1. A and B are not overlapping
2. A and B have the same length N, where N>=5
3. There is a constant c, s.t. A[i]+c=B[i], 1<=i<=N

Solution

This is a pretty staight forward dynamic programming problem.

Let diff[i]=seq[i]-seq[i-1],2<i<=n. Then the problem is equivalent to finding the maximal length of repeating subsequence of diff.
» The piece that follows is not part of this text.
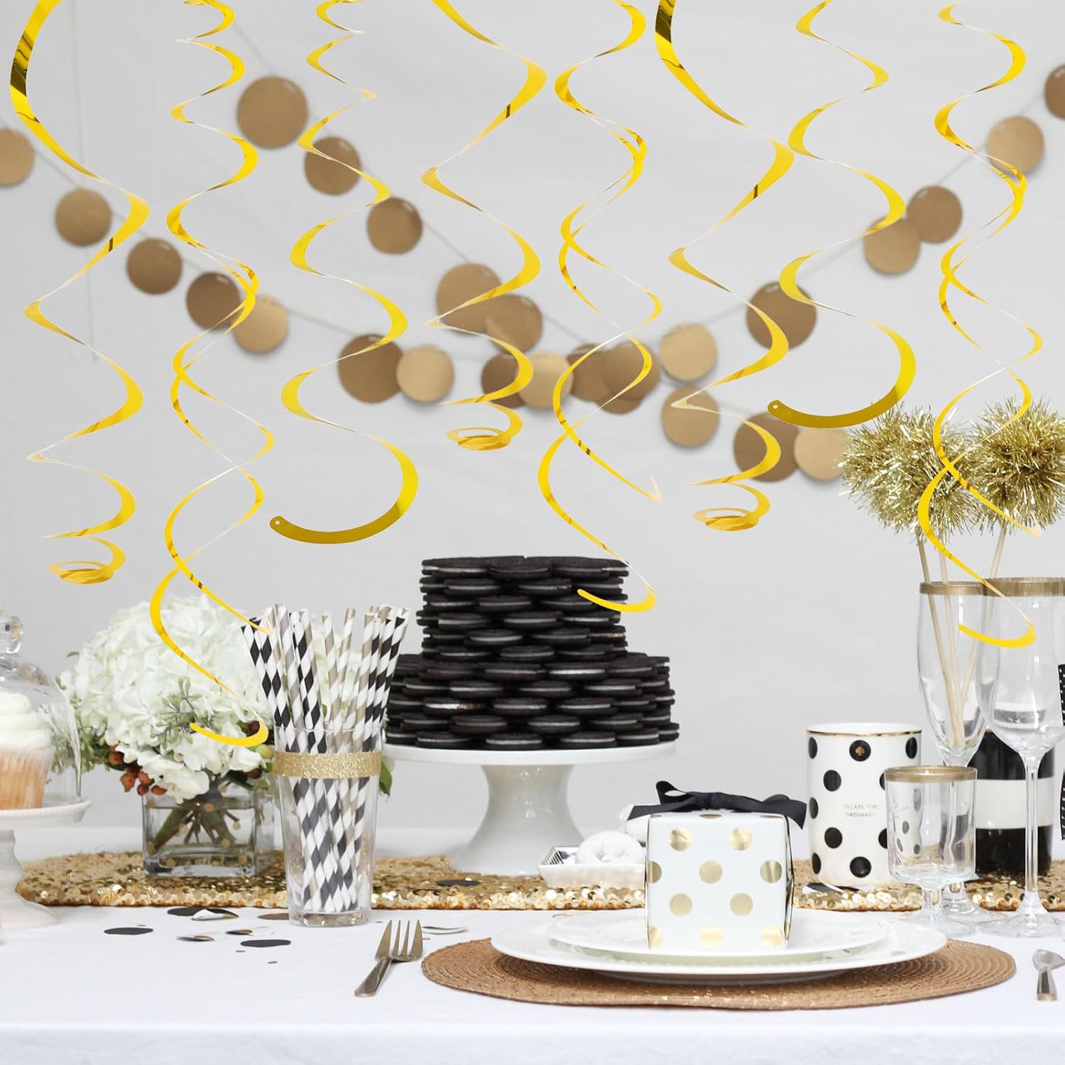 - Assemble Easy: The gold hanging swirls have a small ring on them, just tear the swirl slowly along the edge and hang it on the hook to complete a simple party decoration. Time saving and easy to operate.

Let f[i][j] be the maximal length of repeating subsequence ending at i and j in the sequence diff. Apparently, f[i][j] has the same value with f[j][i]. Then the answer to the original problem is max{f[i][j]}+1, 2<=i<n, i+1<j<=n

The dynamic programming equations are:

f[i][j]=f[i-1][j-1]+1, if diff[i]==diff[j] && f[i-1][j-1]<=j-i-2
f[i][j]=f[i-1][j-1], if diff[i]==diff[j] && f[i-1][j-1]==j-i-2
f[i][j]=0, if diff[i]!=diff[j]

Well, for any i, f[i][j] only depends on f[i-1][j], so we can rewrite the eqations:

f[j]=f[j-1]+1, if diff[i]==diff[j] && f[j-1]<=j-i-2
f[j]=f[j-1], if diff[i]==diff[j] && f[j-1]==j-i-2
f[j]=0, if diff[i]!=diff[j]

Using the new equations, we need to do the inner loop backwards. And we can save a lot of space.

Code

#include <iostream>
#include <fstream>

using namespace std;
const int maxn = 5002;

int n,diff[maxn];
int f[maxn];

int main()
{
	fstream fin("theme.in",ios::in);
	fstream fout("theme.out",ios::out);

	fin>>n;
	int pre=0,cur=0;
	for(int i=1;i<=n;i++)
	{
		fin>>cur;
		diff[i]=cur-pre;
		pre=cur;
	}

	int ans=0;
	for(int j=3;j<=n;j++)
		f[j]=(diff[j]==diff[2]);

	for(int i=3;i<=n;i++)
	{
		for(int j=n;j>=i+2;j--)
		{
			if(diff[i]==diff[j])
			{
				if(f[j-1]<=j-i-2)
					f[j]=f[j-1]+1;
				else
					f[j]=f[j-1];
			}
			else
				f[j]=0;

			ans=ans>f[j] ? ans:f[j];
		}
	}
	
	ans++;
	if(ans<5) ans=0;
	fout<<ans<<endl;

	fin.close();
	fout.close();
	return 0;
}